**EXERCISE INSTRUCTIONS**: Print the lines exactly. Start at the first line of the material below, end with the line that contains "There are other", and skip all pictures.

══════

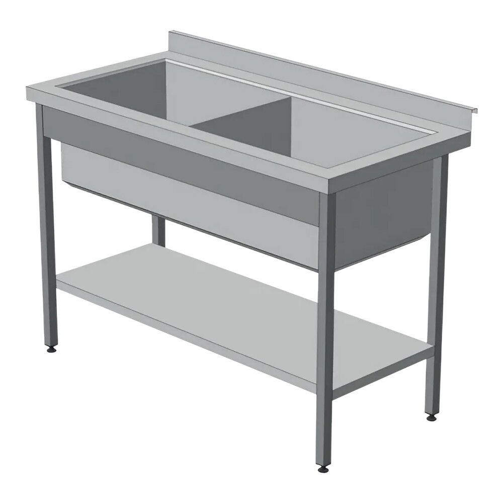 Двосекційна мийна ванна з бортиком і нижньою полицею забезпечує зручну організацію робочого простору на професійній кухні. Виготовлена з нержавіючої сталі.
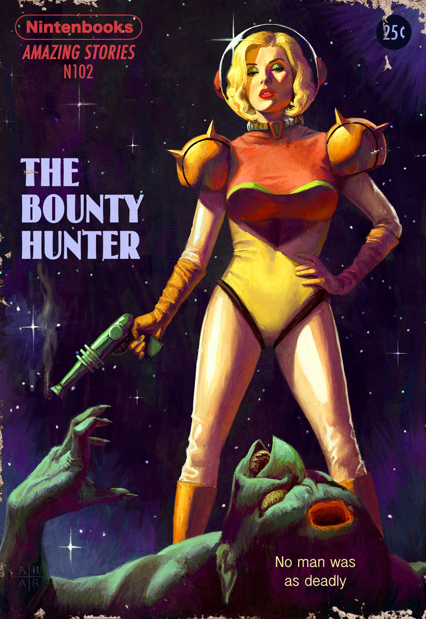 There are other fantastic scenes depicted in the pulp cover style that you can check out in the artist’s portfolio, including a serial featuring Dr. Gero, Cell, Trunks, Android 17 and Android 18 from TV and manga series Dragonball Z. You can check that out at his ArtStation page here. His (occasionally NSFW) art also dabbles in other works like the Batman series and celebrity portraiture. Be sure to give it a look in addition to the gallery of video game themed photos below.
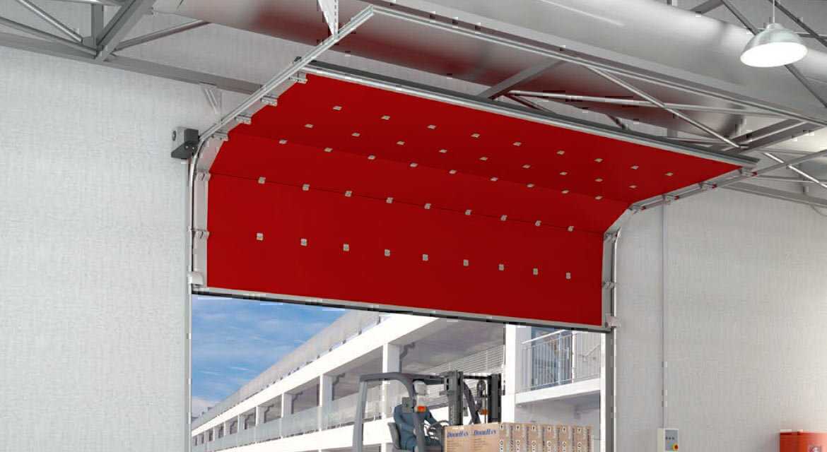 Этот вид имеет гибкое полотно, состоящее из отдельных секций, соединенных петлями. Данная разновидность быстро получила признание у потребителей благодаря экономии места. Ворота открываются вертикально и в открытом виде располагаются под потолком. (Рис. 1) Секции соединяются между собой в замок. Места соединений уплотнены специальной резинкой, которая обеспечивает герметичность в закрытом виде и во время движения. (Рис. 2) Уплотнители также располагаются по всему периметру полотна, а в месте прилегания к полу они двойные.
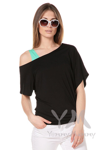234*1*3 Блуза на одно плечо из модала черная Размер 44 1100р с орг
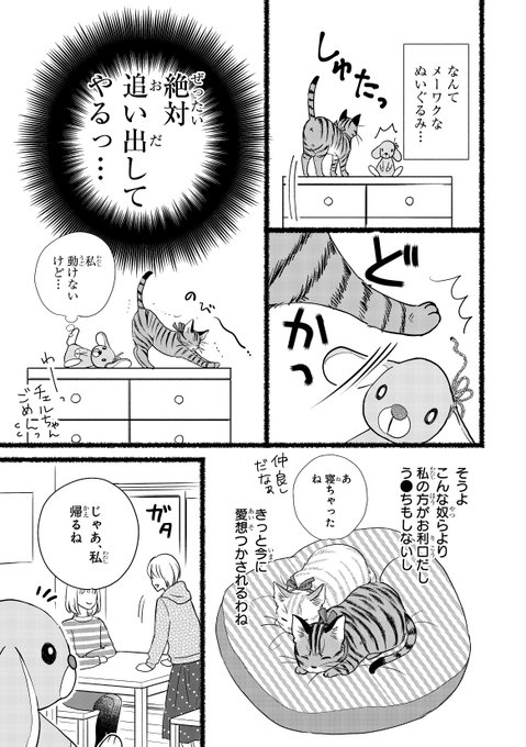 4 17 猫に嫉妬するぬいぐるみの話(3/3)#保護猫 #もふもふのほんと #漫画が読めるハッシュタグ 21/03/23 11:45
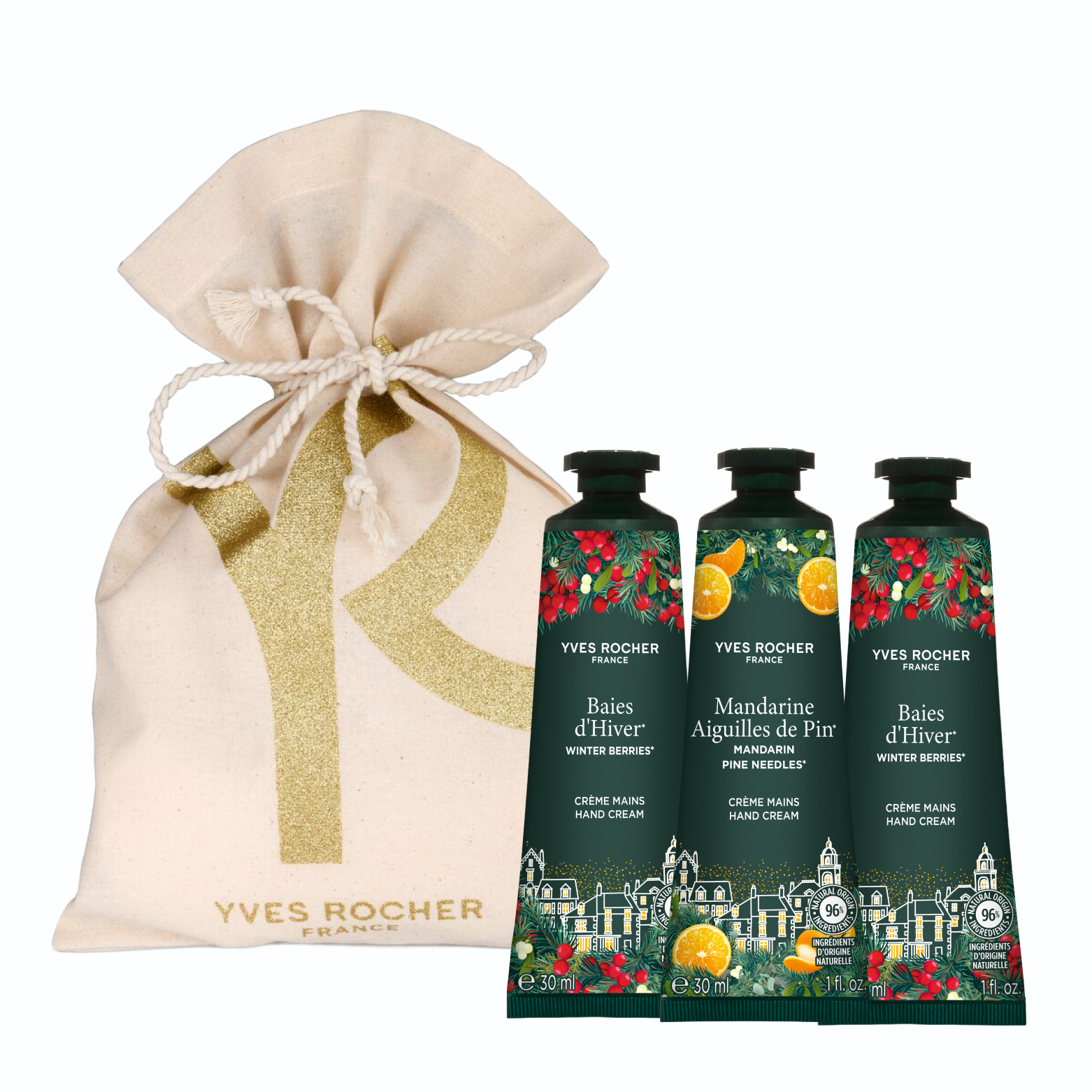 Limitirano izdanje Yves Rocher kolekcije 3 kreme za ruke donosi savršenu kombinaciju zimskih mirisa — tople, vanilaste note Zimskih bobica i iskričavu svežinu Mandarine i borovih iglica.
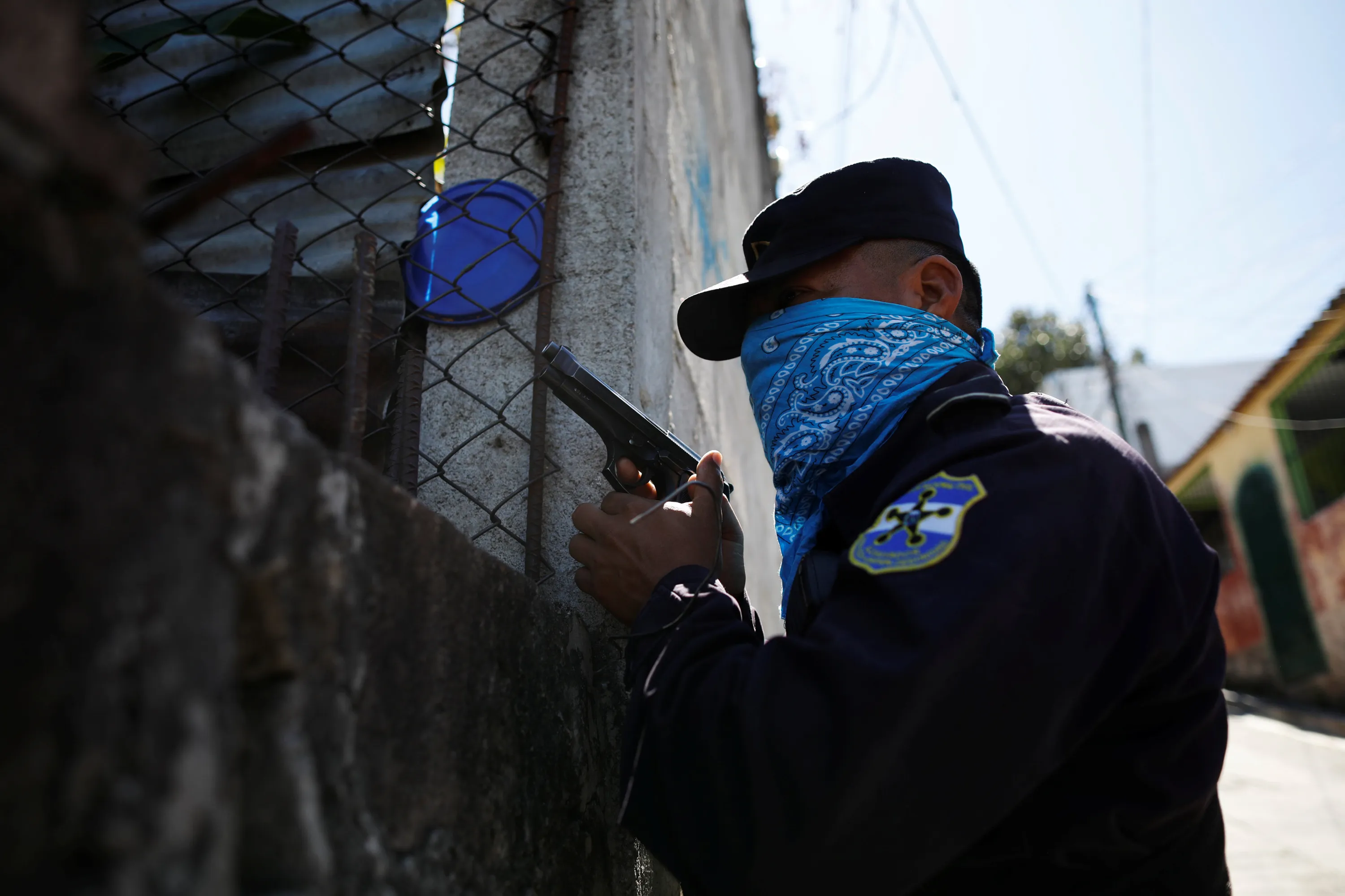 A Salvadoran policeman observes a search in a house in the area where according to local media, a policeman and two gang members were killed, in San Salvador, El Salvador, February 2, 2018. (Photo by Jose Cabezas/Reuters)

══════

**EXERCISE ANSWER**:
 Двосекційна мийна ванна з бортиком і нижньою полицею забезпечує зручну організацію робочого простору на професійній кухні. Виготовлена з нержавіючої сталі.
 There are other fantastic scenes depicted in the pulp cover style that you can check out in the artist’s portfolio, including a serial featuring Dr. Gero, Cell, Trunks, Android 17 and Android 18 from TV and manga series Dragonball Z. You can check that out at his ArtStation page here. His (occasionally NSFW) art also dabbles in other works like the Batman series and celebrity portraiture. Be sure to give it a look in addition to the gallery of video game themed photos below.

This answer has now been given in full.